The shift has alarmed university departments, which had already lost large fractions of their tenure-track AI faculty to industry over the past three years. Prof. Hannah Liedtke, who chairs the computer science department at Carnegie Mellon, said in a phone interview that two of her senior faculty had received unsolicited offers in the past two weeks and that one had already accepted a leave of absence.

“We have stopped trying to compete on cash, because that is not a fight we can win,” Liedtke said. “We are competing on intellectual freedom and on graduate students. Those are real assets. But the gap is now so wide that I worry about what kind of academic AI ecosystem we have in five years.”

Startups are similarly squeezed. Eight founders of mid-sized AI companies contacted for this article said they had lost at least one senior hire to a hyperscaler in the past month, often after a counter-offer that exceeded their own total compensation packages. Two said they had pivoted to recruiting more heavily from Europe and India, where the dollar gap, while still meaningful, was less extreme.

“We can pay our people very well,” said Daniel Osei-Mensah, co-founder of the model-tooling startup Spindle AI. “But we cannot pay them a number that comes with nine figures in retention grants, and we cannot promise them access to a hundred thousand H-series chips. Those are the two levers, and only four companies in the world can pull both.”

Hyperscaler executives have begun, quietly, to push back against the narrative that the spending is unsustainable. A senior vice president at one of the largest cloud providers, speaking on condition of anonymity because the executive was not authorized to discuss compensation matters, said the top-line figures circulating among recruiters were “real but unrepresentative,” covering perhaps fifty to seventy individuals globally. Aggregate research-staff cost growth, the executive said, was running closer to 30 percent year over year, “which is high but not historically unprecedented for a build-out cycle.”
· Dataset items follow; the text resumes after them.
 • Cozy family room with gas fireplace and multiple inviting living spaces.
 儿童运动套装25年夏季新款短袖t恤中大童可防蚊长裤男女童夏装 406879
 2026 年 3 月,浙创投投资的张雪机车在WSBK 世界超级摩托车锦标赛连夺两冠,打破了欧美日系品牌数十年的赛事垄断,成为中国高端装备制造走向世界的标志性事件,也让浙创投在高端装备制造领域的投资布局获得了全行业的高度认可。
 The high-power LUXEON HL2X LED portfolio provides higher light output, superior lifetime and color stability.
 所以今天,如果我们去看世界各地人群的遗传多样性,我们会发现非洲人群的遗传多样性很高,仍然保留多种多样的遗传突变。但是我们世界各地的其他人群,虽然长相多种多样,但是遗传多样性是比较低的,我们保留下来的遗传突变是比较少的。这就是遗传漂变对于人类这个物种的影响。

The talent surge has also begun to draw the attention of regulators. The Federal Trade Commission, which has been studying labor-market concentration in the AI sector, indicated last week that it had opened informal inquiries into the use of no-poach understandings and non-compete clauses among the largest employers. An FTC spokesperson, asked for comment, declined to confirm or deny specific investigations.

Senior congressional aides on both sides said the issue was unlikely to draw legislative attention before the August recess but that the optics of multimillion-dollar pay packages, set against the energy and water debates that animated the moratorium fight, could complicate efforts to reach a compromise AI bill later in the year.
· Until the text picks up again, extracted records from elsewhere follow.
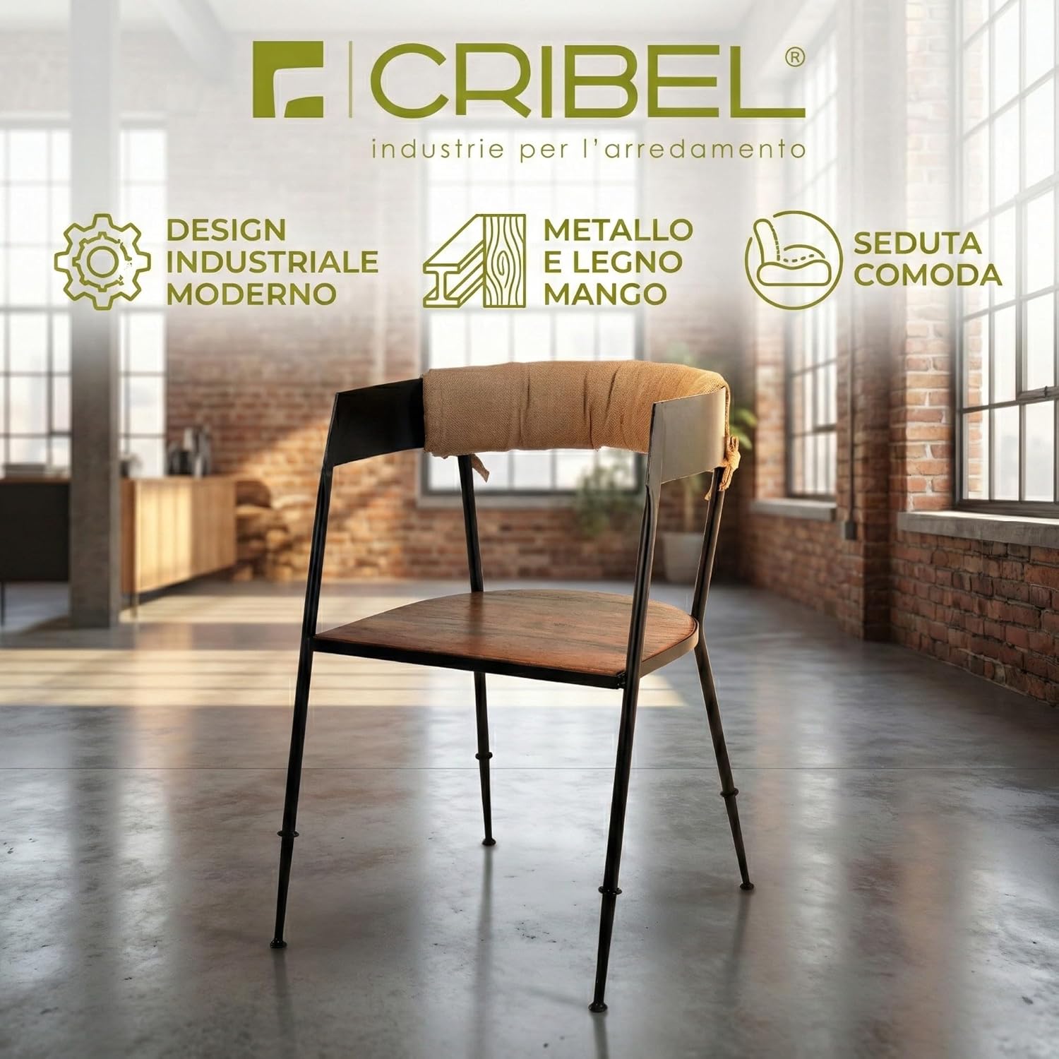 La sedia di CRIBEL unisce una solida struttura in metallo nero a una seduta in legno di mango, creando un perfetto equilibrio tra stile industriale e calore naturale. Il design moderno e raffinato la rende ideale per cucine, sale da pranzo e soggiorni contemporanei.
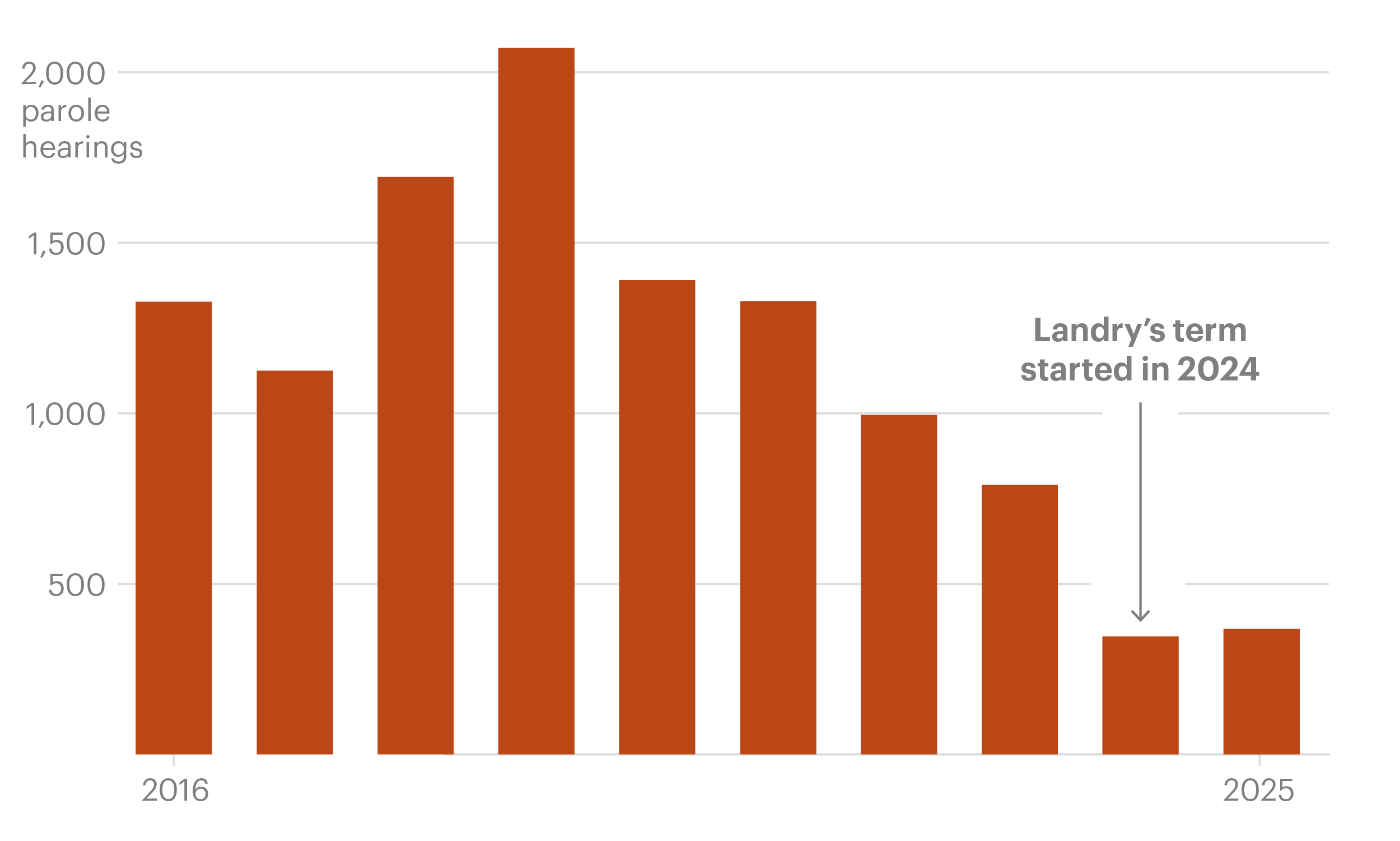 The parole board freed 185 prisoners during Landry’s tenure compared with 858 in the two years before his January 2024 inauguration, a 78% drop, according to a Verite News and ProPublica analysis of data provided by the Louisiana Board of Pardons and Committee on Parole.
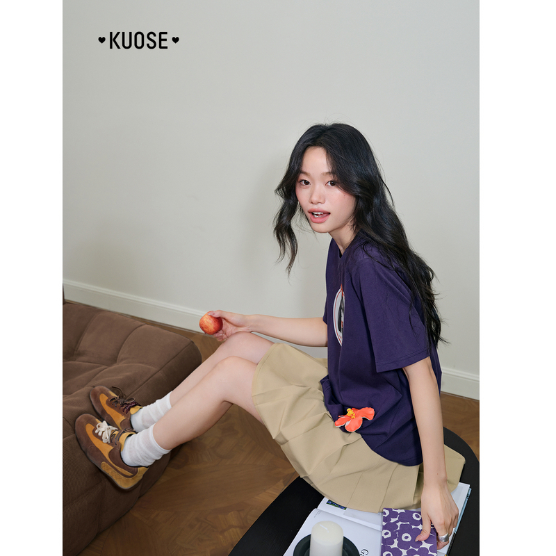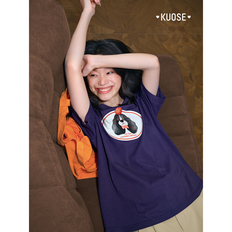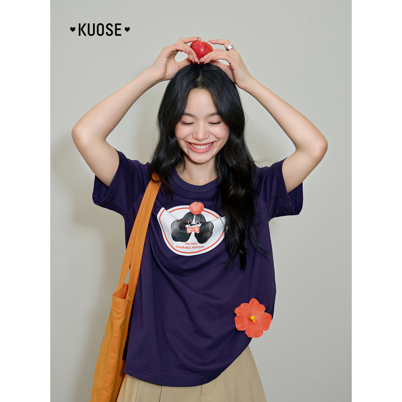 印花宽松半袖 阔色深紫色圆领休闲短袖 新款 2025秋季 上衣 t恤女夏装

For now, the bidding continues. Linden Strand’s Ramanathan said her firm had four searches active for senior research leads, with anticipated closing dates before the end of the month.

“It is going to get more expensive before it gets less expensive,” she said. “Nobody on either side of the table thinks otherwise.”

Industry analysts said additional capex revisions and updated headcount disclosures were expected when the remaining megacap technology firms reported quarterly results later this month.